In my own experience, I once entered an on-call that looked like a warzone: tired eyes, frayed nerves, resentment and blame. And instead of solving the problems with just more bodies, we worked smarter and harder. We made product changes, added limits, automated runbooks. We didn’t get pages to zero, but we got it much better, all through continued hypergrowth. I learned a lot about the system, and I had a major impact. In fact, my biggest regret is that my team and I didn’t go on-call sooner.
QA
Another place people often overlook is QA, particularly QAing other people’s work. I love QAing other people’s work - it’s one of the best ways to learn about the product and to prevent issues from going out.
This is another place where managers are often silly to avoid. Woe is the manager who doesn’t know squat about their product. Woe is the manager who can’t improve quality on their team. Tactical applications of QA can be one of the best levers for managers to ensure they’re in the loop and manning the fort.
Often people don’t give QA a chance - they often think it’s monotonous monkey work that should be farmed out to a different team. This is very false: only boring people are bored and only bad QA is monotonous. Implicit in this anti-QA point of view is one of the most common traits of lamentable work – people don’t do it well, but don’t believe it’s a worthy problem to focus on getting better at. When this catch-22 is raised, people sometimes flip the script and talk like QA is some magical language they couldn’t possibly get good at. Notice that these arguments don’t come up when the same people are up to learn about new fancy stuff, like distributed systems or web3.
In any case, proper QA requires major amounts of critical thinking, systems understanding, and creativity. And you learn it! Good QA builds automation, forms sophisticated risk profiles to weight work, and often requires deep understanding of human bias and behavior. And the best QA builds a set of expectations, metrics, and enablement so that an entire team can ship both faster and higher quality. The best QA also serves as a feedback cycle into building better. And similar to reducing on-call pages, great QA also helps your team build faster, and building faster will help your career in other direct and indirect ways.
Oh, and Companies Too
Not only can you build your career with dirty work, you can also build a company on it! Some of the best companies are known to solve the boring, lamentable problems of other businesses. Zapier and Stripe are great examples of businesses that have solved boring problems in extremely impactful, and profitable ways. In fact, much of the best B2B software seeks to solve the most acidic above-the-shoulders mustard work there is. Sometimes dirty work looks a lot like a unicorn startup.
Final Thoughts
Dirty Work isn’t for everyone. In fact, the absolute best of the best often do whatever they want and are brilliant at it. There are people like Steve Jobs out there who rise above all the rest of the excellent people who are trying to do similar things.
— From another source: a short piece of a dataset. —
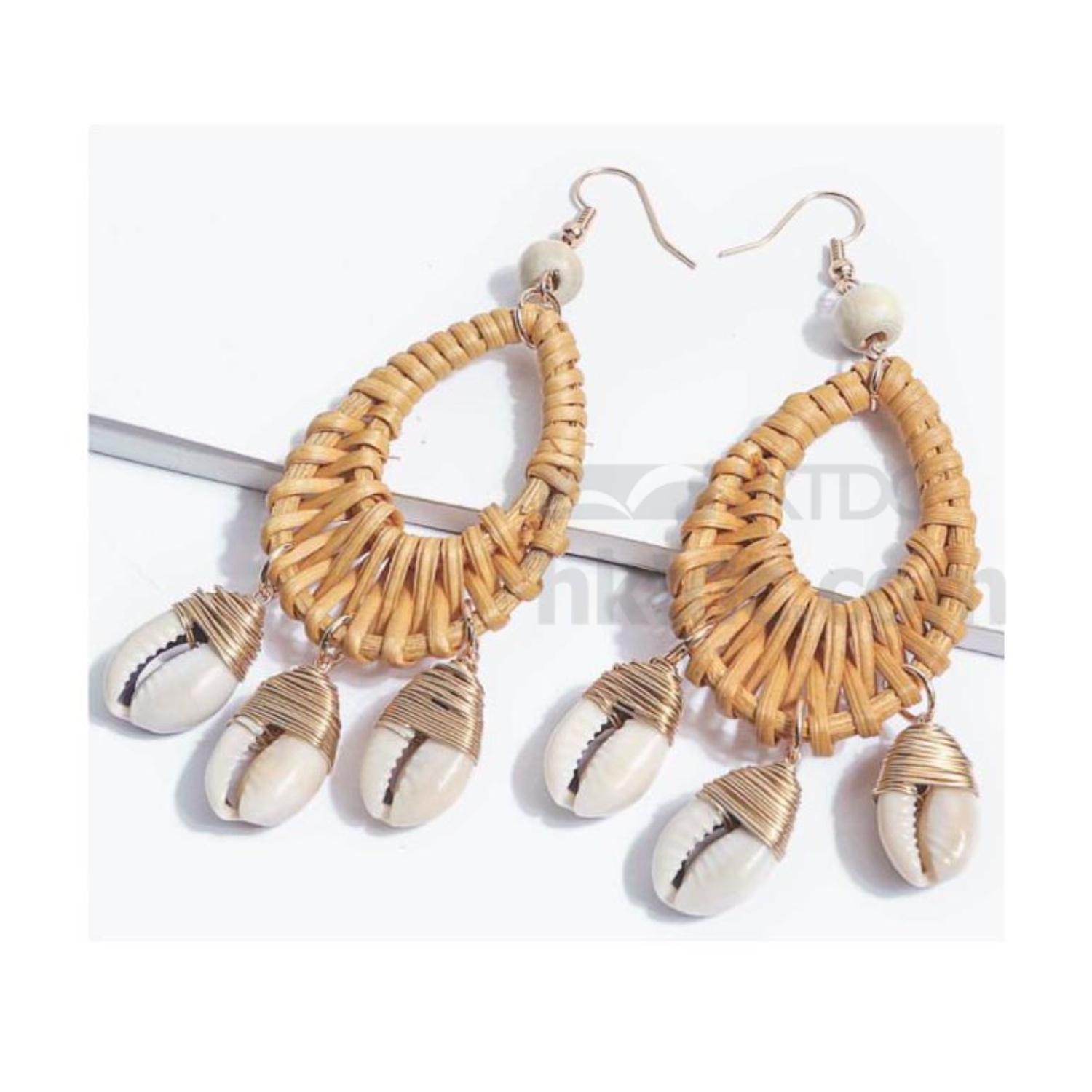• As shown is a high-fashion wooden beads and shell charm drop earring.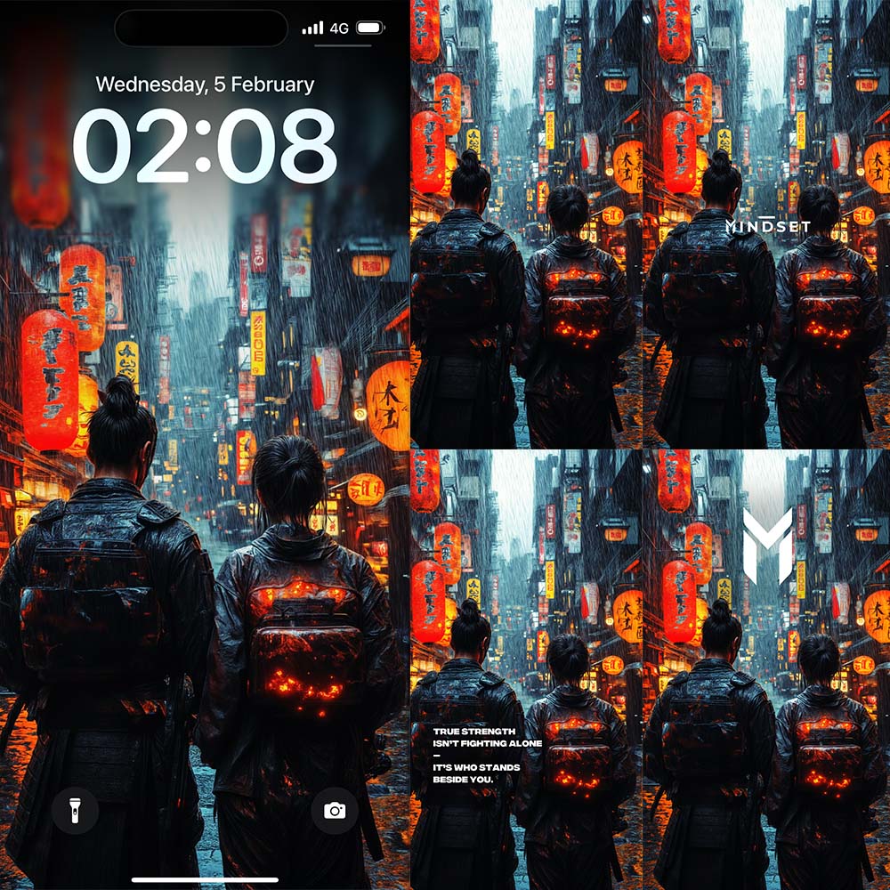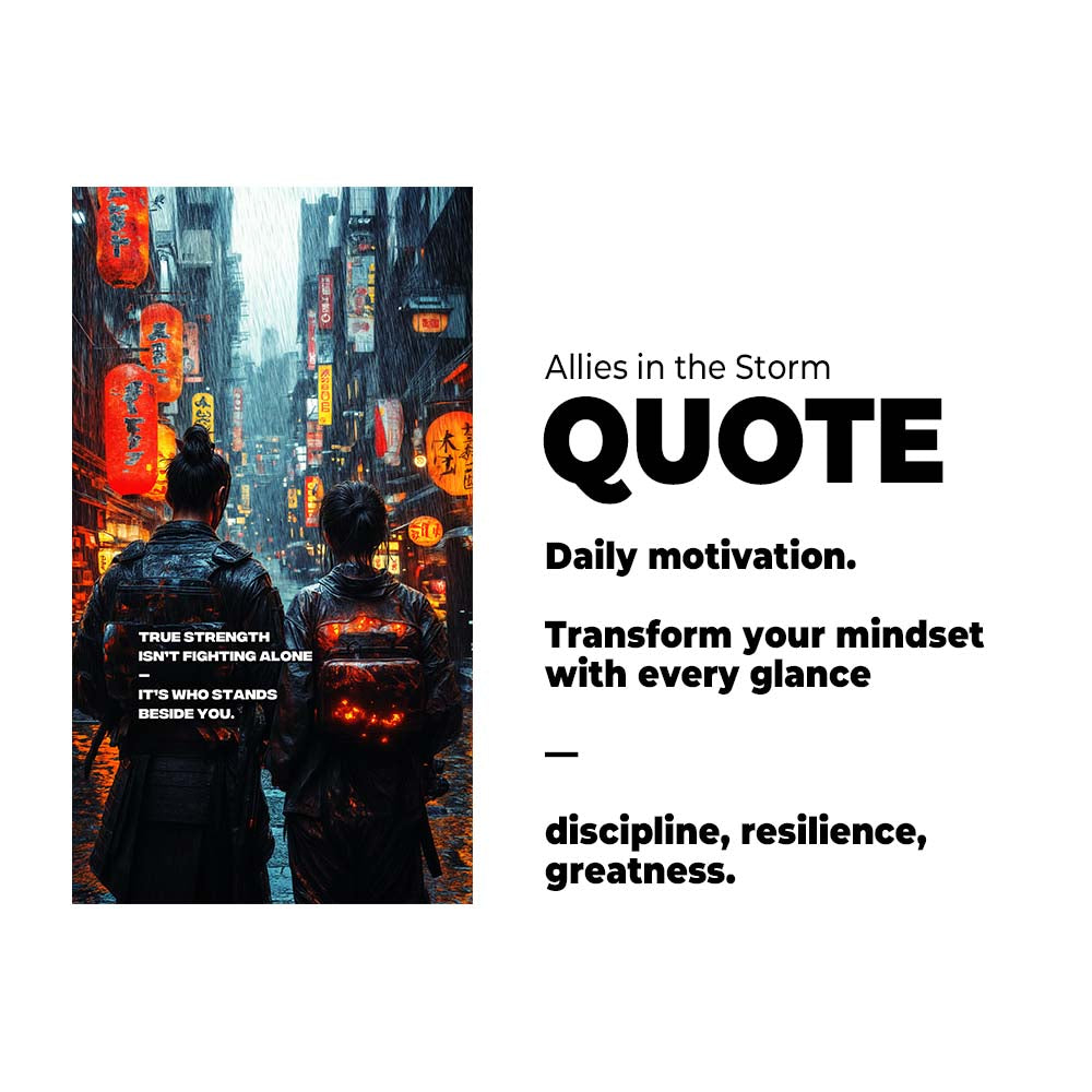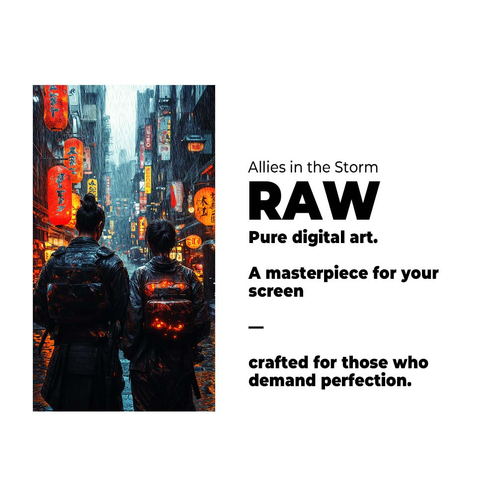 “Allies in the Storm” captures the raw power of unity amidst chaos. Two figures stand together under a relentless downpour, their backs turned to the viewer, yet their presence radiates strength and resilience. The glowing lanterns reflect a fragile yet steadfast light in the storm, mirroring the way bonds of trust illuminate our darkest moments.

But for every Steve Jobs, there’s a Tim Cook. Tim Cook was an operations-heavy executive who didn’t do a single cool-commercial-worthy thing in his entire career before becoming CEO of one of the most dominant tech companies in the world. And then he made that tech company an order of magnitude more dominant. He cut his teeth on the dirty work, and as a company gets larger and larger, emphatic delivery on dirty work is the skill that becomes more and more valuable.
The final thought: becoming an expert in dirty work is wildly differentiating. The more you learn to navigate the messy, human, frustrating problems that everyone else avoids, the more you see the forest for the trees, the more that ability shines a light on a whole host of issues that seem totally broken and wildly tractable.
When it comes to technology, I’m no Steve Jobs. But maybe one day I’ll be a Tim Cook. It’ll take a lot more Dirty Work to get there.